→ Aim of the exercise
Leave every picture out. Set down all the lines below exactly.

Start of Data below

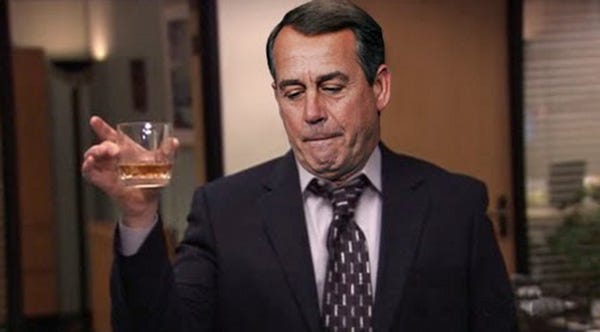 See, Congress knew Louie Gohmert, he of the dancing little dyed eyebrows, can come off a bit -- ahem -- unbalanced, while others less kind have been known to refer to him as that "stuttering little lying prick," so they went and reelected Boehner as Speaker, which is a real blow on behalf of sanity, because it's been awhile since the "adults" have been in charge. So the new Congress's first order of business on Tuesday was a vote to take a lesson from the Sam Brownback School of Accounting, whereby, all the promises of wealth pouring in to government coffers, as we lower taxes even further on the rich, then count them as actual future revenue, instead of rotting infrastructure, defunded education and auctioned-off government buildings. That way, private entities can rent them back to us forever and ever and ever, just like in Arizona. Yippee!
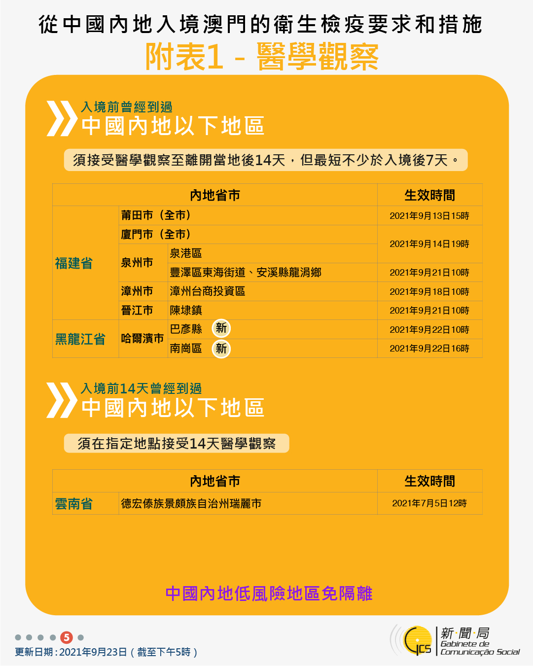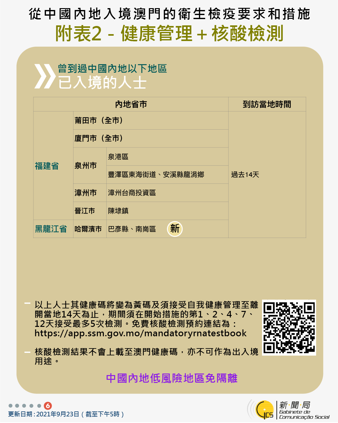 【圖文包】2021/09/23最新入境澳門衛生檢疫要求和措施
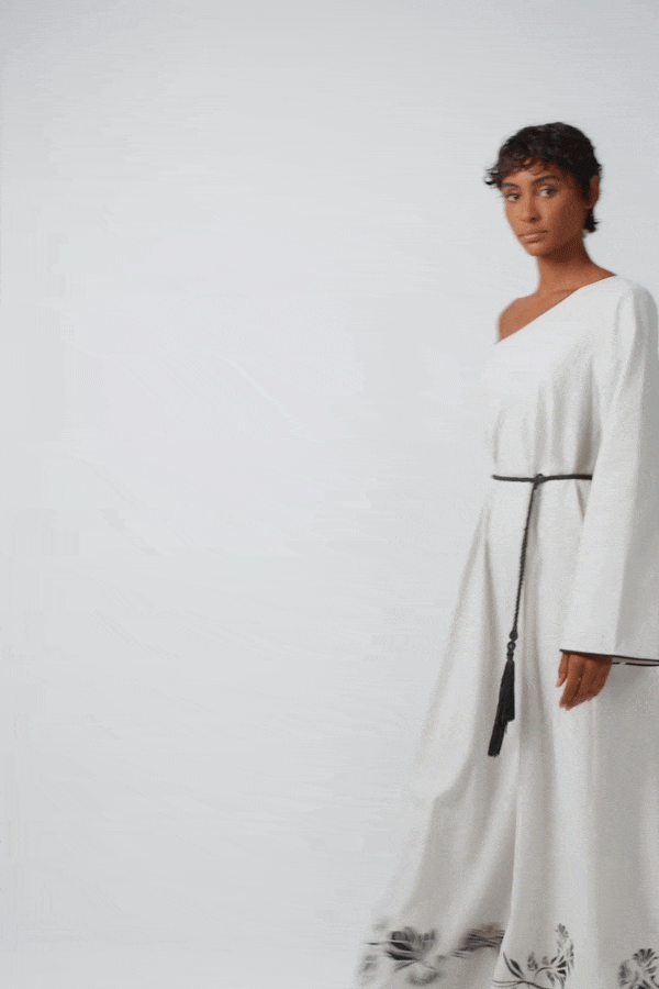 Step into sophistication with our "Embroidered Linen Maxi Dress." This luxurious linen design features a striking asymmetrical silhouette with a single wide sleeve, a braided waist belt for a flattering fit, and delicate floral embroidery along the hem, creating a stunning look for any occasion.

End of Data below

→ Result of this exercise
 See, Congress knew Louie Gohmert, he of the dancing little dyed eyebrows, can come off a bit -- ahem -- unbalanced, while others less kind have been known to refer to him as that "stuttering little lying prick," so they went and reelected Boehner as Speaker, which is a real blow on behalf of sanity, because it's been awhile since the "adults" have been in charge. So the new Congress's first order of business on Tuesday was a vote to take a lesson from the Sam Brownback School of Accounting, whereby, all the promises of wealth pouring in to government coffers, as we lower taxes even further on the rich, then count them as actual future revenue, instead of rotting infrastructure, defunded education and auctioned-off government buildings. That way, private entities can rent them back to us forever and ever and ever, just like in Arizona. Yippee!
 【圖文包】2021/09/23最新入境澳門衛生檢疫要求和措施
 Step into sophistication with our "Embroidered Linen Maxi Dress." This luxurious linen design features a striking asymmetrical silhouette with a single wide sleeve, a braided waist belt for a flattering fit, and delicate floral embroidery along the hem, creating a stunning look for any occasion.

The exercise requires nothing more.